We do know that HTC made an effort to be innovative with their all-metal HTC One M7, but then changed it very little and by the time the HTC One M9 rolled out two years later, and what was once heralded as a revolution, had those same people retreating to the same-old-thing line. They also tampered with an area that is near and dear to smartphone users – the camera. Rather than using a ‘normal’ sensor, they introduced a 4MP main camera using ‘UltraPixels’ claiming they could capture more image, but the public never bought into their idea. Rather than using a larger sensor in the HTC One M8, they stuck with the 4MP and added a second one for photographic effects, another idea that never caught on. So while the Samsung, Sony and LG smartphones’ pixels grew, HTC was stuck for a year until the HTC One M9 came out where HTC finally went to a 20MP sensor, but rather than use a tried-and-true Sony sensor, they borrowed one from Toshiba.
Displays was another area that troubled many potential customers knowing that LG had already moved on to the QHD display, and Samsung was about to use the QHD on their new Galaxy S6, HTC continued to stay with the FHD display on their One M9. Now we are reading about an HTC One M9+ with an QHD display and fingerprint sensor and enhanced photo taking…everything the One M9 should have been.
Outside HTC we have a market that is essentially bifurcated – Apple and Samsung control the high end, and even Samsung is finding it difficult to hold on there and the low end market that is dominated by Chinese companies like Xiaomi, a sandbox that HTC does not really play in. Without the broad array of devices to capture sales at every level, HTC is missing out at both ends.

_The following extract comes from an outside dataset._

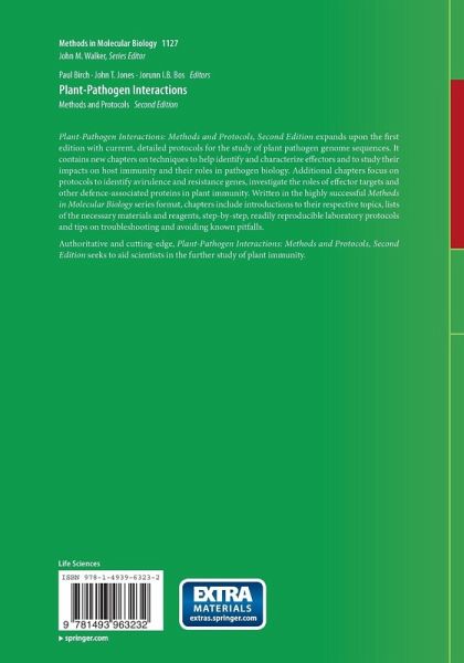 Galaxy as a Platform for Identifying Candidate Pathogen Effectors.- Bioinformatic analysis of expression data to identify effector candidates.- Two-dimensional data binning for the analysis of genome architecture in filamentous plant pathogens and other eukaryotes.- On The Statistics Of Identifying Candidate Pathogen Effectors.- High-throughput imaging of plant immune responses.- In vivo protein-protein interaction studies with BiFC: conditions, cautions and caveats.- Particle bombardment-mediated transient expression to identify localization signals in plant disease resistance proteins and target sites for the proteolytic activity of pathogen effectors.- Purification of fungal haustoria from infected plant tissue by flow cytometry.- Functional Characterisation of Nematode Effectors in Plants.- Silencing of aphid genes by feeding on stable transgenic Arabidopsis thaliana.- Leaf-disc assay based on transient over-expression in Nicotiana benthamiana to allow functional screening of candidate effectors from aphids.- A growth quantification assay for Hyaloperonospora arabidopsidis isolates in Arabidopsis thaliana.- Simple quantification of in planta fungal biomass.- Virus-induced gene silencing and Agrobacterium tumefaciens-mediated transient expression in Nicotiana tabacum.- DIGE-ABPP by click chemistry: Pairwise comparison of serine hydrolase activities from the apoplast of infected plants.- A Simple and Fast Protocol for the Protein Complex Immunoprecipitation (Co-IP) of Effector - Host Protein Complexes.- An Arabidopsis and Tomato Mesophyll Protoplast System for fast Identification of early MAMP-triggered Immunity-Suppressing Effectors.- Production of RXLR effector proteins for structural analysis by X-ray crystallography.- The Do's and Don'ts of effectoromics.- Protoplast cell death assay to study Magnaporthe oryzae AVR gene function in rice.- A Bacterial Type III Secretion Based Delivery System for Functional Assays of Fungal Effectors in Cereals.-Capture arrays to annotate resistance genes in plant genomes and to accelerate plant resistance gene discovery.

HTC has also tried its hand outside the smartphone with the Re – a refreshing redo of the GoPro, but it has no on-board display and needs a variety of mounts to compete. The HTC smartwatch that they confirmed over a year ago that they were working on has yet to make an appearance. CEO Peter Chou said they were taking it very carefully…meanwhile the other manufacturers are grabbing up the market share – and I think that is one of HTC’s biggest problems because there is a point where you can be so careful that nothing gets finished.